Correlation Between Sea Air and Saigon Thuong
Can any of the company-specific risk be diversified away by investing in both Sea Air and Saigon Thuong at the same time? Although using a correlation coefficient on its own may not help to predict future stock returns, this module helps to understand the diversifiable risk of combining Sea Air and Saigon Thuong into the same portfolio, which is an essential part of the fundamental portfolio management process.
By analyzing existing cross correlation between Sea Air Freight and Saigon Thuong Tin, you can compare the effects of market volatilities on Sea Air and Saigon Thuong and check how they will diversify away market risk if combined in the same portfolio for a given time horizon. You can also utilize pair trading strategies of matching a long position in Sea Air with a short position of Saigon Thuong. Check out your portfolio center. Please also check ongoing floating volatility patterns of Sea Air and Saigon Thuong.
Diversification Opportunities for Sea Air and Saigon Thuong
0.26 | Correlation Coefficient |
Modest diversification
The 3 months correlation between Sea and Saigon is 0.26. Overlapping area represents the amount of risk that can be diversified away by holding Sea Air Freight and Saigon Thuong Tin in the same portfolio, assuming nothing else is changed. The correlation between historical prices or returns on Saigon Thuong Tin and Sea Air is a relative statistical measure of the degree to which these equity instruments tend to move together. The correlation coefficient measures the extent to which returns on Sea Air Freight are associated (or correlated) with Saigon Thuong. Values of the correlation coefficient range from -1 to +1, where. The correlation of zero (0) is possible when the price movement of Saigon Thuong Tin has no effect on the direction of Sea Air i.e., Sea Air and Saigon Thuong go up and down completely randomly.

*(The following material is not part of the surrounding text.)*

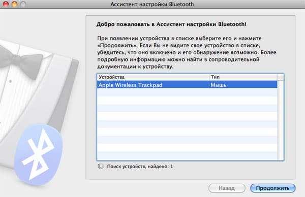 При первом подключении Trackpad к iMac система опознает его, но определяет как мышь. Ту же картину мы видим и в списке подключенных Bluetooth-устройств. Даже собственной картинки для Trackpad нет! И это должно послужить наиболее торопливым пользователям сигналом о том, что устройство пока еще не полнофункционально.
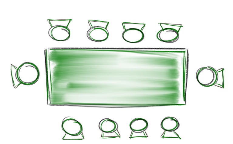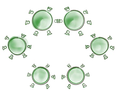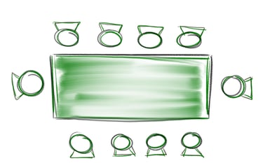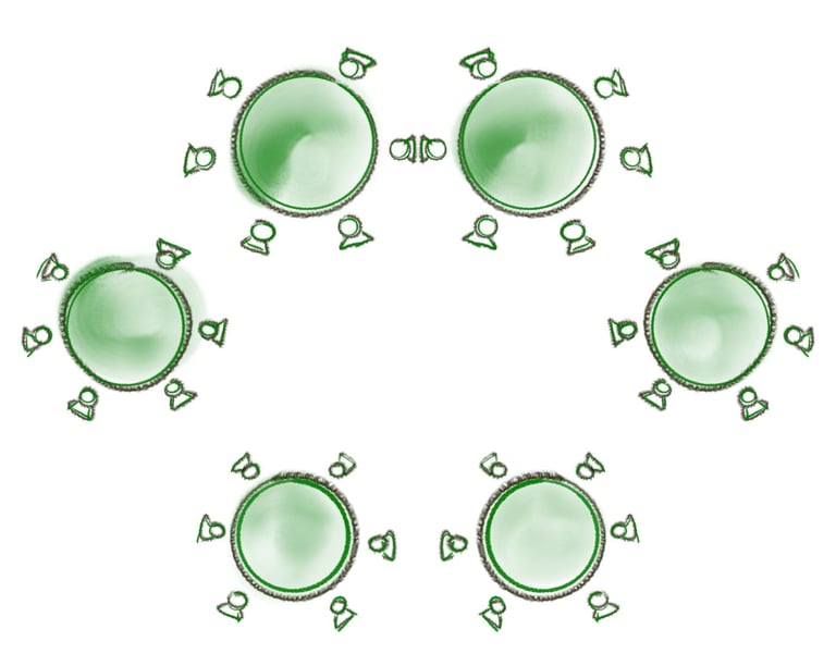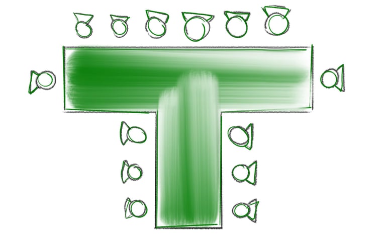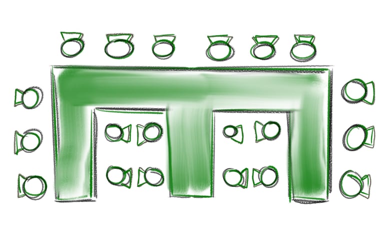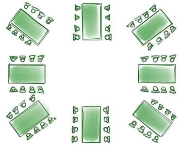 Bei Bankettveranstaltungen wie Hochzeiten, Tagungen, Konferenzen, usw. werden die Tische zu Tafelformen gestellt.

Pair Corralation between Sea Air and Saigon Thuong
Assuming the 90 days trading horizon Sea Air Freight is expected to generate 1.07 times more return on investment than Saigon Thuong. However, Sea Air is 1.07 times more volatile than Saigon Thuong Tin. It trades about 0.03 of its potential returns per unit of risk. Saigon Thuong Tin is currently generating about -0.04 per unit of risk. If you would invest 2,951,870 in Sea Air Freight on September 14, 2024 and sell it today you would earn a total of 238,130 from holding Sea Air Freight or generate 8.07% return on investment over 90 days.
Time Period | 3 Months [change] |
Direction | Moves Together |
Strength | Very Weak |
Accuracy | 92.71% |
Values | Daily Returns |
Sea Air Freight vs. Saigon Thuong Tin
Performance |
Timeline |
Sea Air Freight |
Saigon Thuong Tin |
Sea Air and Saigon Thuong Volatility Contrast
Predicted Return Density |
Returns |
Pair Trading with Sea Air and Saigon Thuong
The main advantage of trading using opposite Sea Air and Saigon Thuong positions is that it hedges away some unsystematic risk. Because of two separate transactions, even if Sea Air position performs unexpectedly, Saigon Thuong can make up some of the losses. Pair trading also minimizes risk from directional movements in the market. For example, if an entire industry or sector drops because of unexpected headlines, the short position in Saigon Thuong will offset losses from the drop in Saigon Thuong's long position.The idea behind Sea Air Freight and Saigon Thuong Tin pairs trading is to make the combined position market-neutral, meaning the overall market's direction will not affect its win or loss (or potential downside or upside). This can be achieved by designing a pairs trade with two highly correlated stocks or equities that operate in a similar space or sector, making it possible to obtain profits through simple and relatively low-risk investment.Saigon Thuong vs. Song Hong Garment | Saigon Thuong vs. Alphanam ME | Saigon Thuong vs. Hochiminh City Metal | Saigon Thuong vs. Atesco Industrial Cartering |
Check out your portfolio center.Note that this page's information should be used as a complementary analysis to find the right mix of equity instruments to add to your existing portfolios or create a brand new portfolio. You can also try the Portfolio Diagnostics module to use generated alerts and portfolio events aggregator to diagnose current holdings.